Return the lines below exactly, from the first line to the line that contains "Envoyez des devis". Leave out pictures.

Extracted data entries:
────────

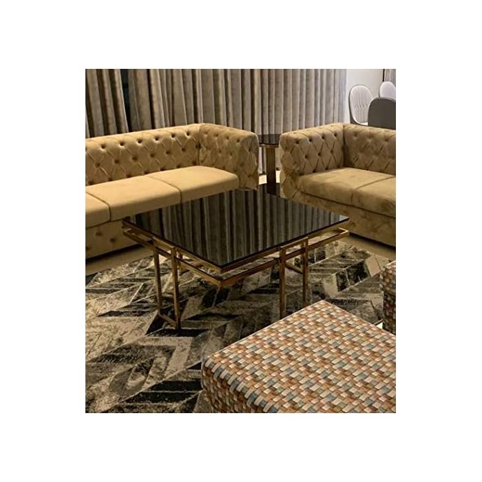 تتكون الترابيزة من سطح زجاجي شفاف يتميز بصلابة ممتازة بالإضافة إلى أنها مدعومة بهيكل معدني من الفولاذ مزدوج باللون الذهبي البراق.
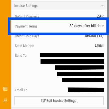 The Payment Terms (Invoice Due Date Period) can be set to a default value, which will be set every time a Customer is created. The Payment Term can still be modified when adjusting the Invoice Settings:
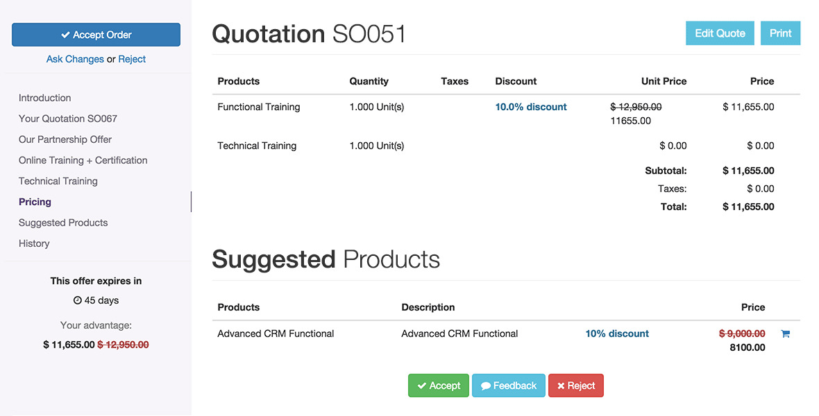 Envoyez des devis clairs et complets à vos prospects. Glissez et déposez simplement des blocs de constructions afin d’ajouter des descriptions de produits, de belles images ou encore d’autres informations additionnelles.
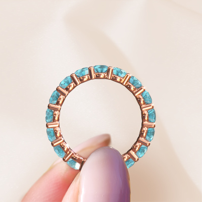 Das ist unser Heddy rnd 3.7-Ring. Dieser spezielle Typ wird als Eternity ring bezeichnet und ist mit einer durchgehenden Linie von identisch geschliffenen Edelsteinen besetzt. Er ist aus 14 Karat Roségold und mit kleineren Blau Topas 3.7 mm besetzt. Dieser Roségold Eternity Ring ist eine wunderschöne und sinnvolle Möglichkeit, Ihrem Antrag eine besondere Note zu verleihen. Die herrlich gleichmäßig geformten Blaue Topas sind rund um den Ring eingefasst. Die identischen Blaue Topas werden sorgfältig ausgewählt, um dem Ring eine maximale Wirkung zu verleihen. Denken Sie daran, dass wir natürliche Ressourcen verwenden. Daher sind kleine Unterschiede zwischen den Steinen üblich. Der besondere Effekt wird durch die präzise Positionierung der Blaue Topas noch verstärkt. Dies erfordert äußerste Präzision und eine geschickte Hand. Für unsere erfahrenen Juweliere ist die pure Leidenschaft. Am Ende bekommen Sie einen Vorsteckring mit einer Reihe von Blaue Topas, die weder Anfang noch Ende zu haben scheinen. Das perfekte Symbol für Ihre Liebe zu ihr! Ist sie nicht eine Schönheit? Mit unserer modernen Technik können wir Schmuckstücke von höchster Qualität mit größter Sorgfalt für Sie entwerfen und anpassen. Unsere Ringe sind immer um 30 Prozent günstiger als bei anderen Juwelieren. Wir fertigen Ringe auf Bestellung, also müssen wir keine großen Lager unterhalten. Wenn Sie ein bestimmtes Budget haben, beraten wir Sie gerne entsprechend.Unsere Online-Kollektion wird täglich um neue Schmuckdesigns ergänzt. Unser Team von leidenschaftlichen Designern ist bemüht, außergewöhnliche und vielfältige Designs zu kreieren. Haben Sie einen Ring gesehen, der Ihnen gefällt? Setzen Sie sich mit uns in Verbindung. Basierend auf einem guten Preis/Leistungsverhältnis machen wir Ihnen ein Angebot, das Sie nicht ablehnen können!Um es einfacher zu machen, bieten wir eine kostenlose 30-tägige Rücksendung.
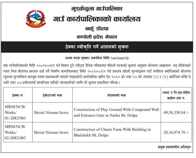 ठेक्का आशयको सूचना ।
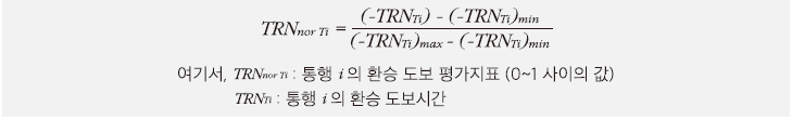 환승도보시간 평가 지표는 출발지로부터 최종목적지까지 통행하는데 대중교통 수단을 환승하기 위해 발생되는 도보시간을 평가한다. 도보시간이 길수록 대중교통을 이용하기에 불편성이 높아져 취약하다고 판단할 수 있다. 본 지표값은 0과 1사이의 값으로 계산되고, 값이 작을수록 취약하다는 것을 의미한다.
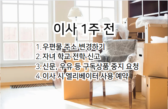 이사 1주일 전에 확인해야 할 사항들을 알아보겠습니다.
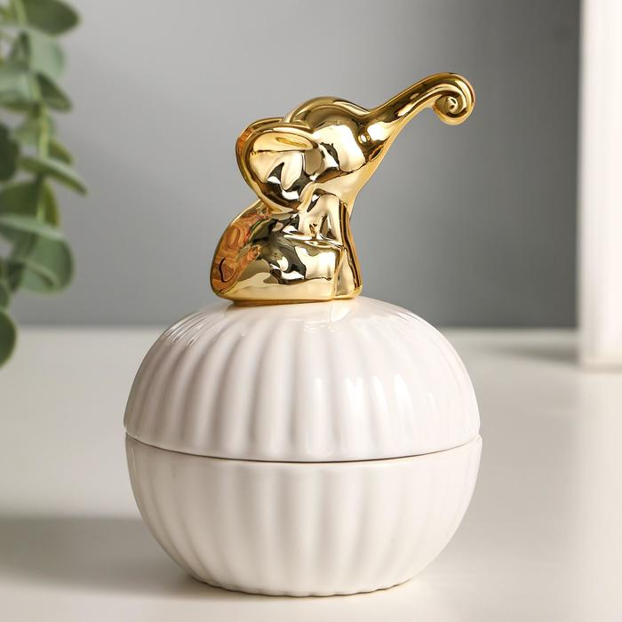 Шкатулка керамика "Золотой слонёнок" 11,3х8х8 см

────────

[TASK RESULT]
 تتكون الترابيزة من سطح زجاجي شفاف يتميز بصلابة ممتازة بالإضافة إلى أنها مدعومة بهيكل معدني من الفولاذ مزدوج باللون الذهبي البراق.
 The Payment Terms (Invoice Due Date Period) can be set to a default value, which will be set every time a Customer is created. The Payment Term can still be modified when adjusting the Invoice Settings:
 Envoyez des devis clairs et complets à vos prospects. Glissez et déposez simplement des blocs de constructions afin d’ajouter des descriptions de produits, de belles images ou encore d’autres informations additionnelles.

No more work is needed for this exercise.